◆ Source material ◆
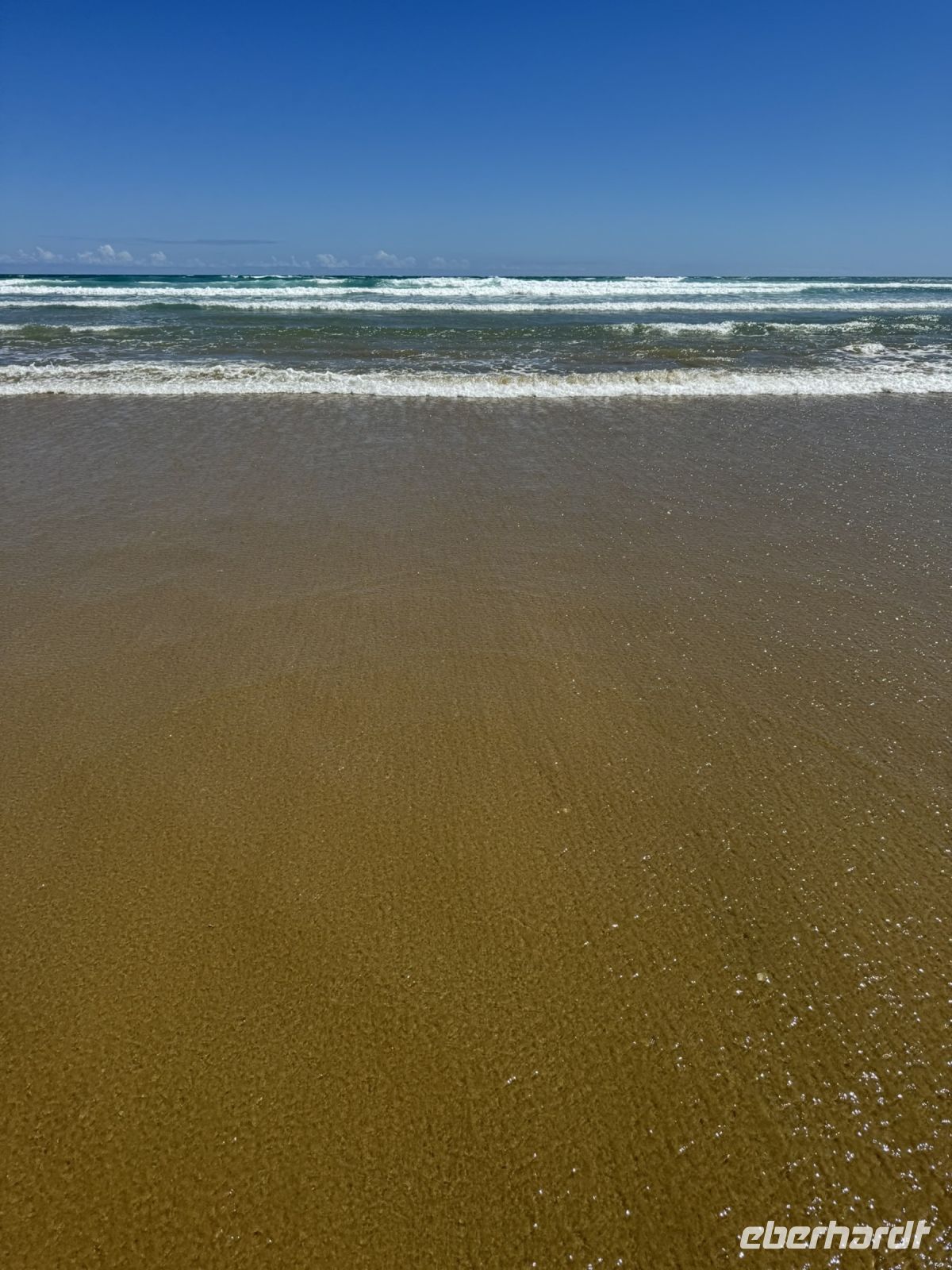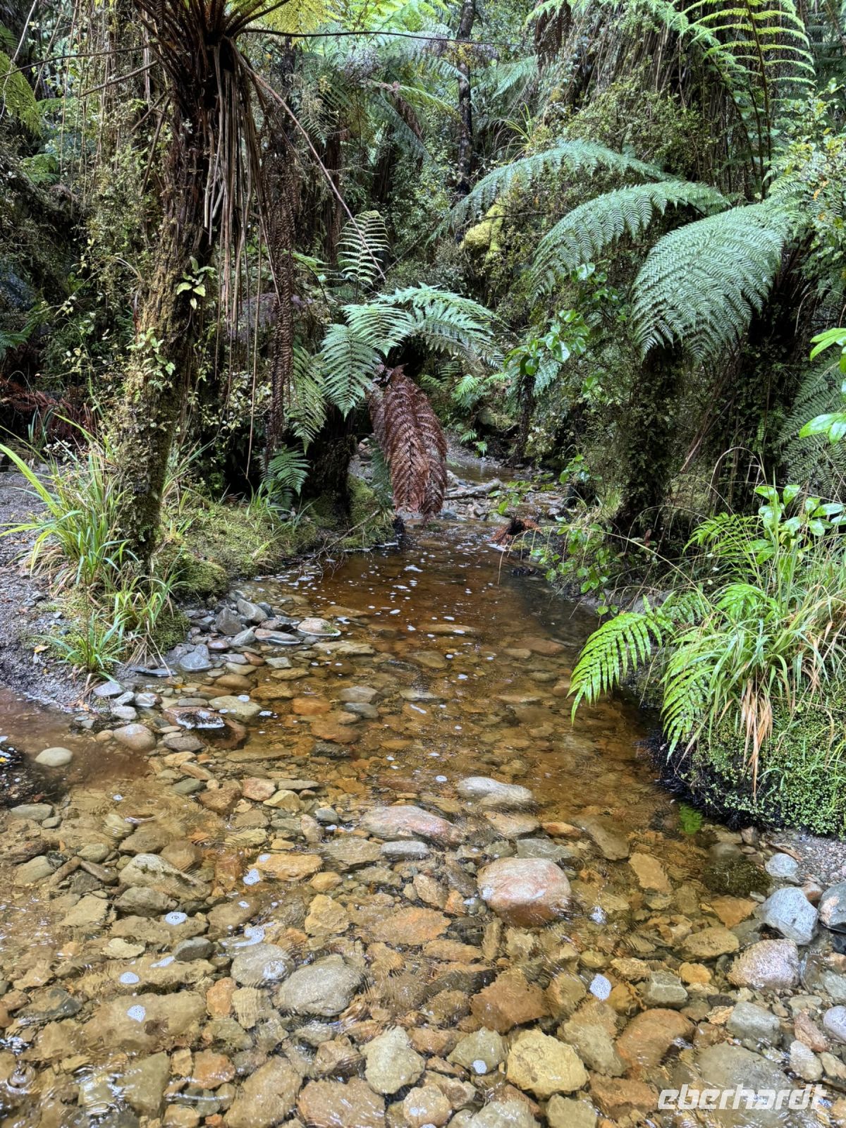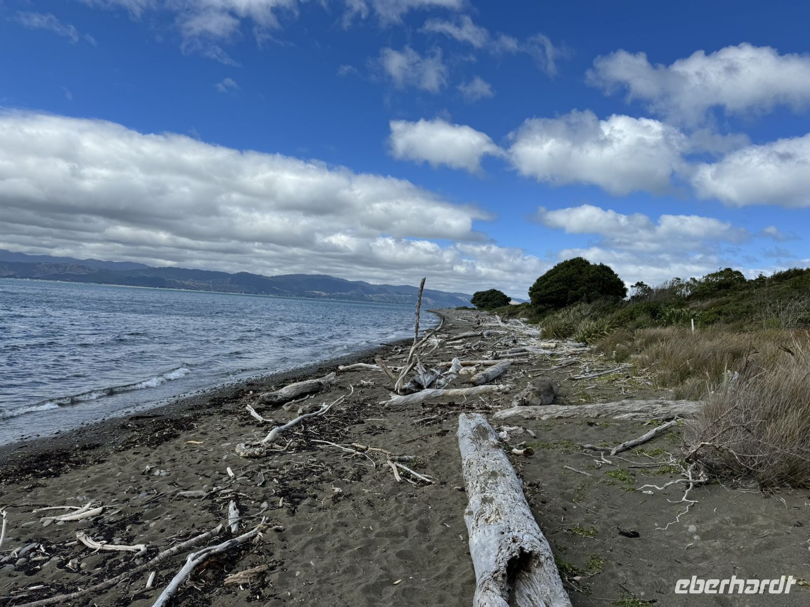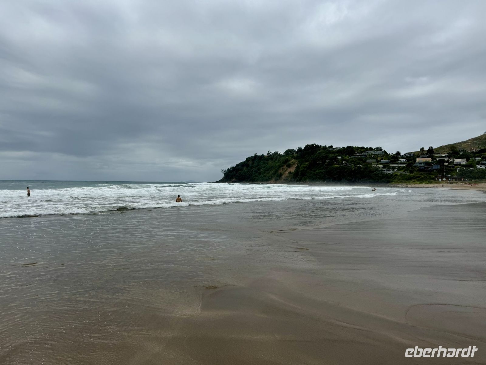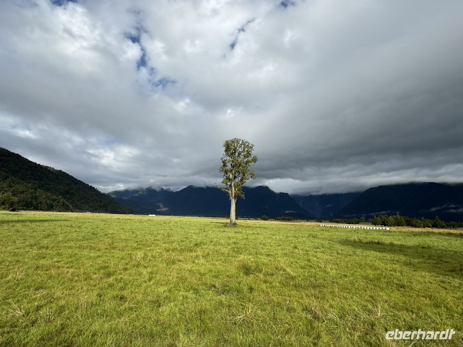 Es hatte die ganze Nacht durchgeregnet und am Anfang des Tages war der Himmel immer noch bedeckt. Deswegen konnte man leider nicht mit dem Helikopter fliegen. Trotzdem fuhren wir entlang der Westküste und machten unterschiedliche Stopps am Strand und am See. Bei Ship Creek fanden wir kleine Dünen, den Tasmal-See und wir spazierten durch den Swamp Forest.
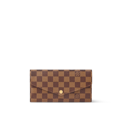 Damier Azur canvas brings a fresh look to Louis Vuitton's Sarah wallet, a timeless model with a simple, elegant exterior and a well-organized interior. Its envelope-style flap, which is secured with a gold-tone press-stud, opens to reveal two large compartments, multiple card slots and a zipped coin pocket.
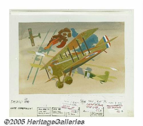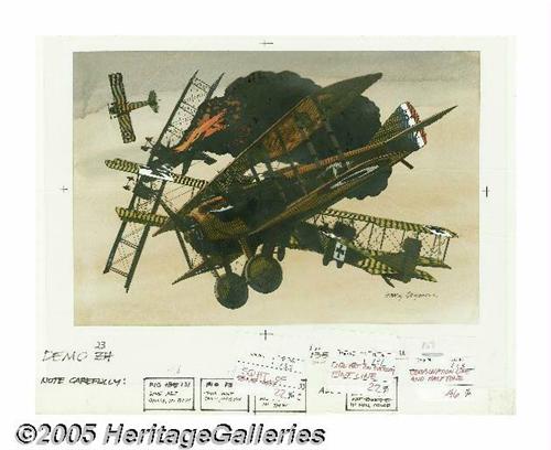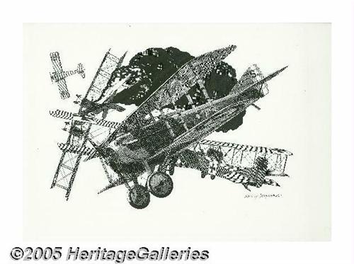 <B>Harry Borgman - "Drawing in Ink" Cover Illustration Original Art (Watson-Guptill, 1977).</B></I> Harry Borgman worked as an art director for Chevrolet, and also served as the Chairman of the Advertising Department of the Art School of the Society of Arts and Crafts (later renamed Center for Creative Studies). In 1977, with years of experience in the field, he wrote "Drawing in Ink," for Watson-Guptill publications. This finely detailed World War I dogfight scene appeared as the cover and also as "Demonstration 2. Crosshatching with a Pen" (on pages 54-61) of the book. Also included in this lot is a watercolored "blue line" illustration of the scene with the line art printed on an acetate overlay. The image area of the art is approximately 16" x 12" and it is in Excellent condition.
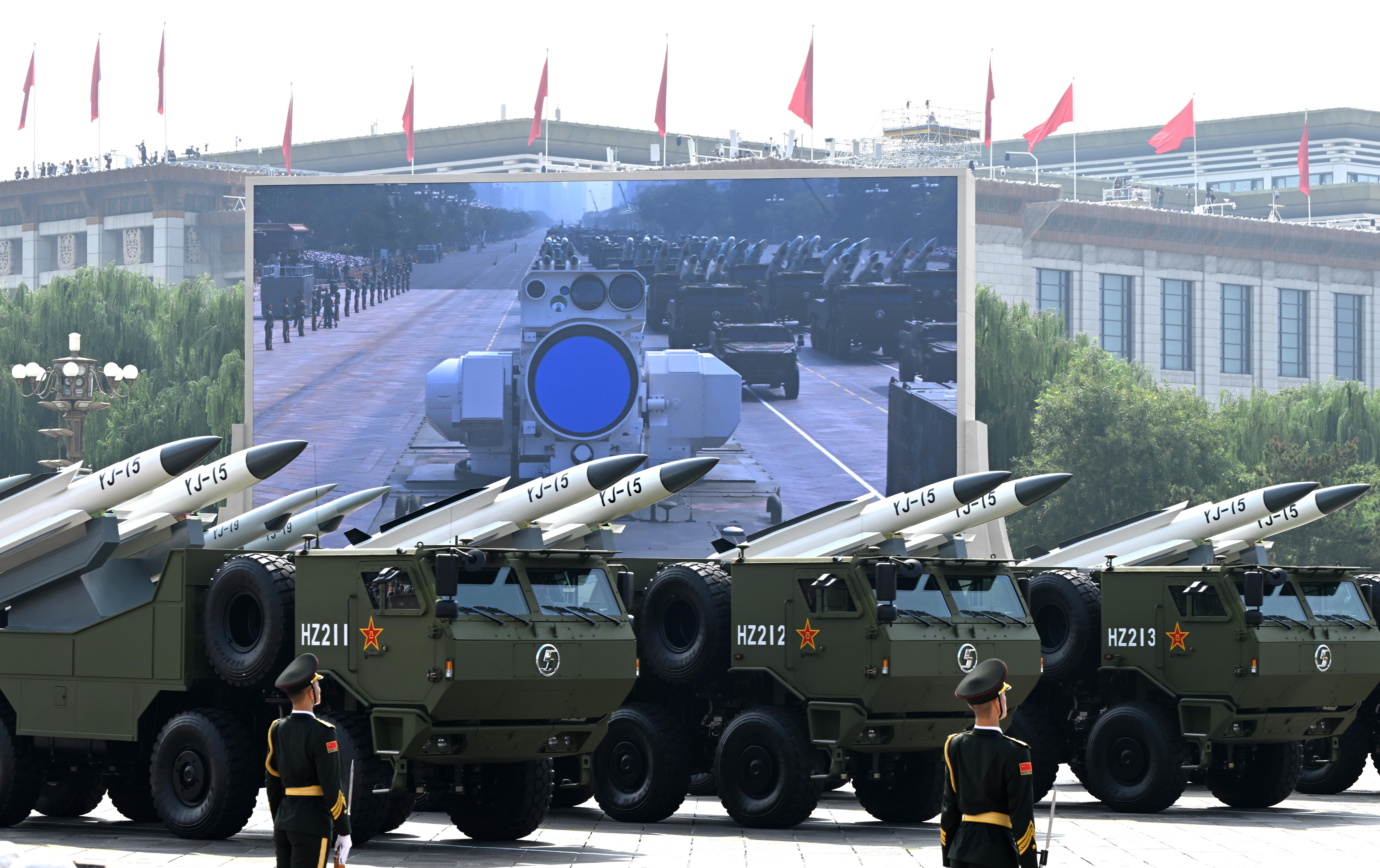 反艦導(dǎo)彈方隊(duì)接受檢閱。
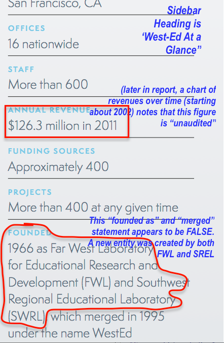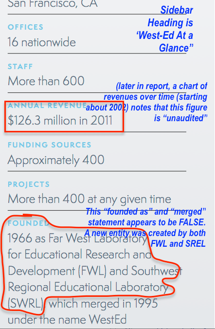 Just Do it! Do the Drill-Downs to See ‘What Lies Beneath.’ Or, Continue to “Take It On Faith” in the Multi-campus, Digitally Driven, Public/Private Partnership Mega-Church aka, the U.S.A. » WestEd AnnualRept2011 (excerpt) repeats the Founded 1966 un-truth as on main website-WesEd did NOT exist before 1995! SShot2017May02 @6.03.22 PM
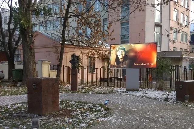 Уже после того, как Военно-историческое общество троекратно открестилась от какого бы то ни было отношения к Скверу полководцев, хмурые рабочие сняли и увезли куда-то бюсты героев Двенадцатого года и врыли столб с огромной плазменной панелью, на которой (под логотипом РВИО) в режиме нон-стоп транслируют календарь знаменательных дат и видеосюжеты о летчиках-героях. Собственно, ничего плохого в этом я не вижу хотя можно бы и попридираться — почему о летчиках? Почему — только о летчиках?
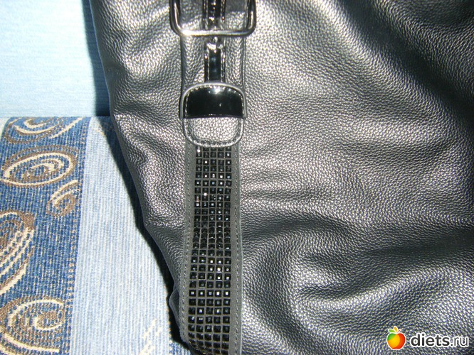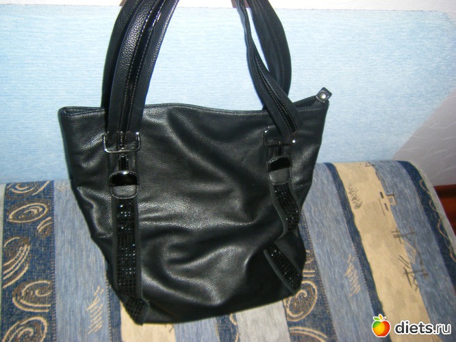 Продам сумку, новая Сумка из искусственной кожи, чёрная. Длина ремешка позволяет носить на плече. Вместительная: вертикально входит папка А4. Внутри два отделения, разделённые карманом на молнии, а также два маленьких кармана - один для мобильного и пошире. Снаружи украшена вставками из чёрных камушков: живо, но не вызывающе. Сзади ещё один карман на молнии.
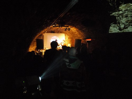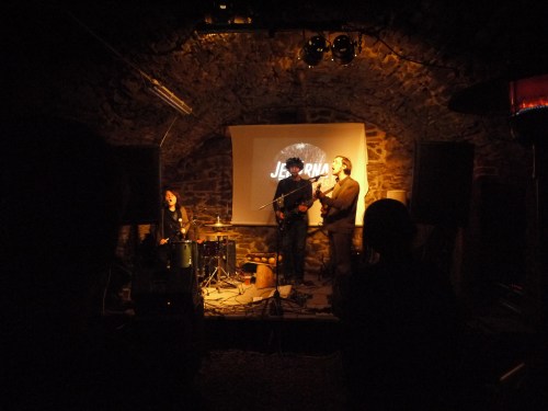 Our friend Martin from Suncab invited us to do some Tagtooling at a gig in this interesting cellar venue in Strakonice on Wednesday evening. I decided to draw on the wall rather than the very small screen behind the performers. As all the lighting was focused on the stage it was very dark (great for drawing!) and the texture of the curved stone wall provided a nice extra dimension to the drawing.
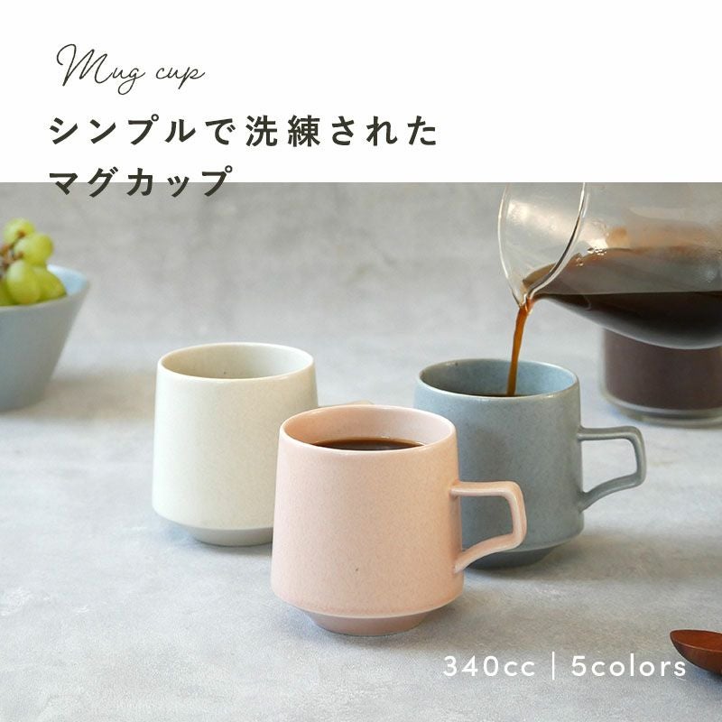 シンプルで洗練されたデザインと淡いニュアンスカラーがどんなテイストの食卓にも馴染みます。約340?たっぷり入るコーヒーカップ。その他、ティーカップ、スープカップ、日本茶をたっぷり注いで、大きめの湯のみとしても寒い時期に重宝します。気軽におしゃれなテーブルコーディネートが楽しめる食器シリーズです。
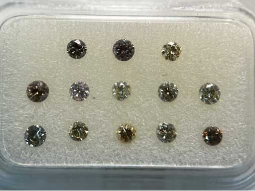 Diamant: Natuurlijk; Aantal: 13 stuks; Slijpvorm: Briljant geslepen; Gewicht (carat): 0.52 carat; Kleur: Natural fancy mix colours; Zuiverheid: VVS1-SI1; Certificaat: AIG; Certificaat nummer: D1930126325; Conditie: Nieuw; Verpakking: Edelsteendoos; Toelichting: De kwaliteit is overgenomen van het rapport behorend bij item. De waardebepaling is een beoordeling van een gecertificeerde diamantair, gebaseerd op consumentenprijzen.; Consumentenprijs: € 2.640,-
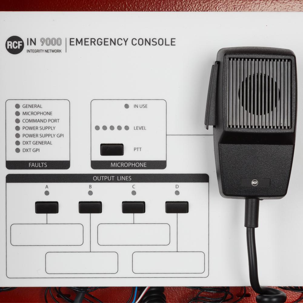 IN 9000 is a firemen, wall-mount emergency microphone console exclusively dedicated to DXT 9000 Voice Alarm system, conceived to provide an analog backup solution for emergency communications in case of interruption of the main communication bus among system’s units. It features complete self-diagnostic functionalities and system status reporting in compliance with EN 54-16:2008 standard. It shall be powered by an external power supply certified EN54-4 providing at least 20 W output power. The audio output can be distributed up to 64 DXT 9000 units, and routed on 4 independent lines, selectable on console front panel.
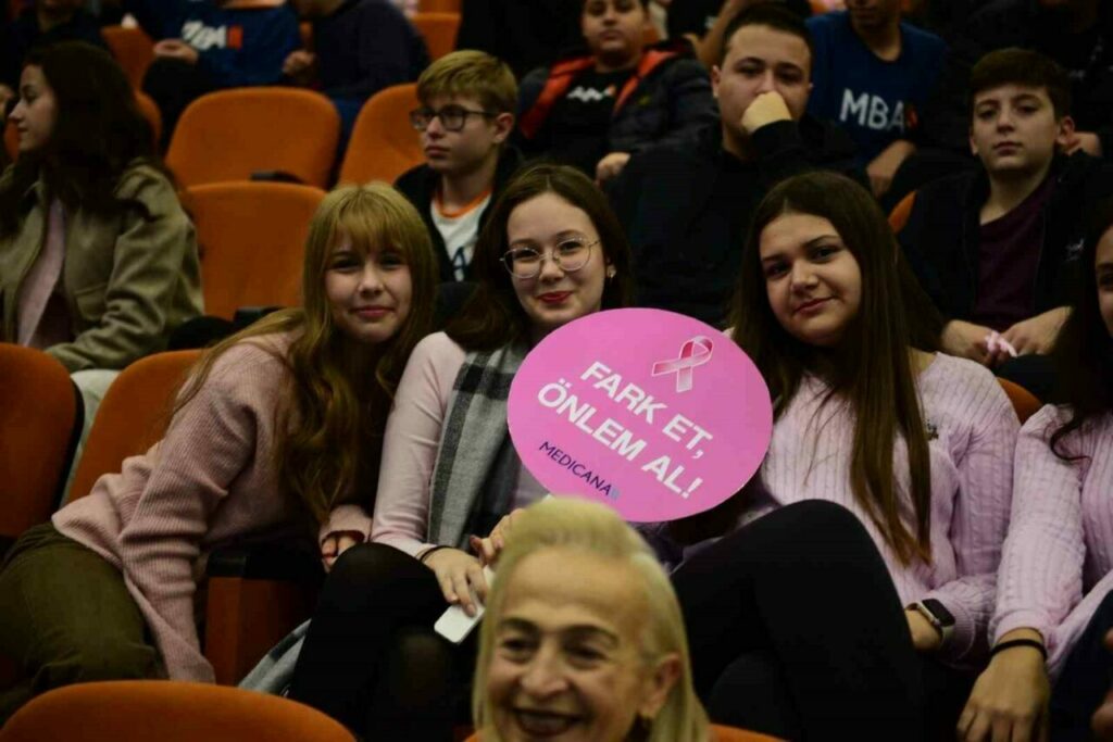 Etkinlik boyunca öğrenciler, meme kanseri farkındalığına destek olmak amacıyla hazırladıkları anlamlı pankartlarla erken teşhisin önemine dikkat çekti. Söyleşi, öğrencilerden gelen soruların uzmanlar tarafından yanıtlanmasıyla sona erdi.
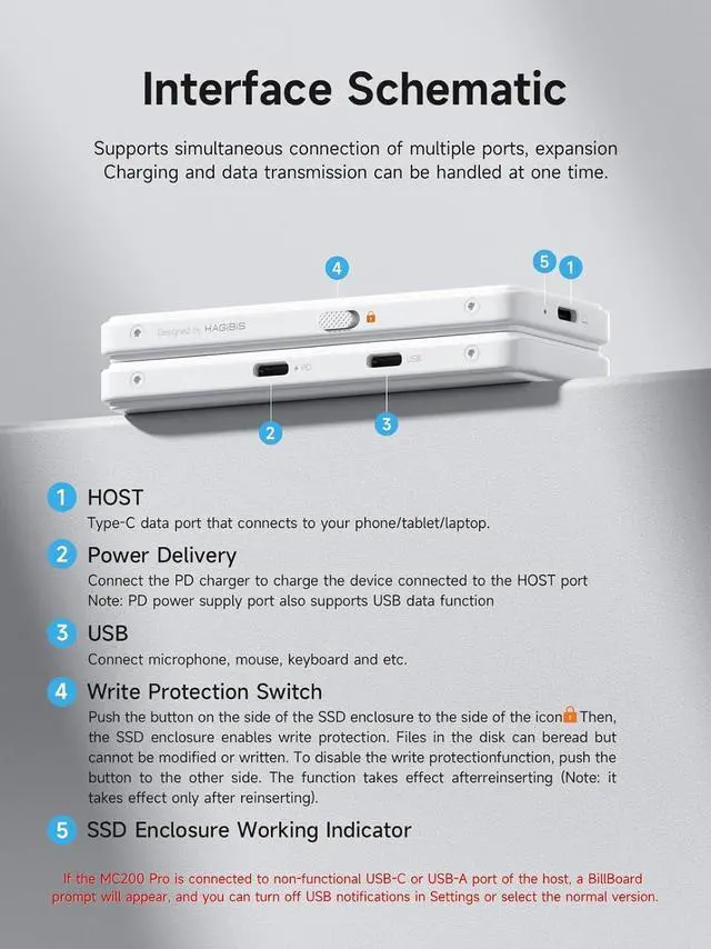 Write Protect Key: MC200 SSD Case has one key push and pull to turn on and off, after turning on the Write-protect function, the files in the ssd can only be read, can not be modified or written, to prevent the files from being damaged or infected with viruses

◆ Exercise brief ◆
Copy exactly the lines from the line containing "Etkinlik boyunca öğrenciler, meme" through the last line of the records above, both included, and leave out any pictures.

◆ The answer ◆
 Etkinlik boyunca öğrenciler, meme kanseri farkındalığına destek olmak amacıyla hazırladıkları anlamlı pankartlarla erken teşhisin önemine dikkat çekti. Söyleşi, öğrencilerden gelen soruların uzmanlar tarafından yanıtlanmasıyla sona erdi.
 Write Protect Key: MC200 SSD Case has one key push and pull to turn on and off, after turning on the Write-protect function, the files in the ssd can only be read, can not be modified or written, to prevent the files from being damaged or infected with viruses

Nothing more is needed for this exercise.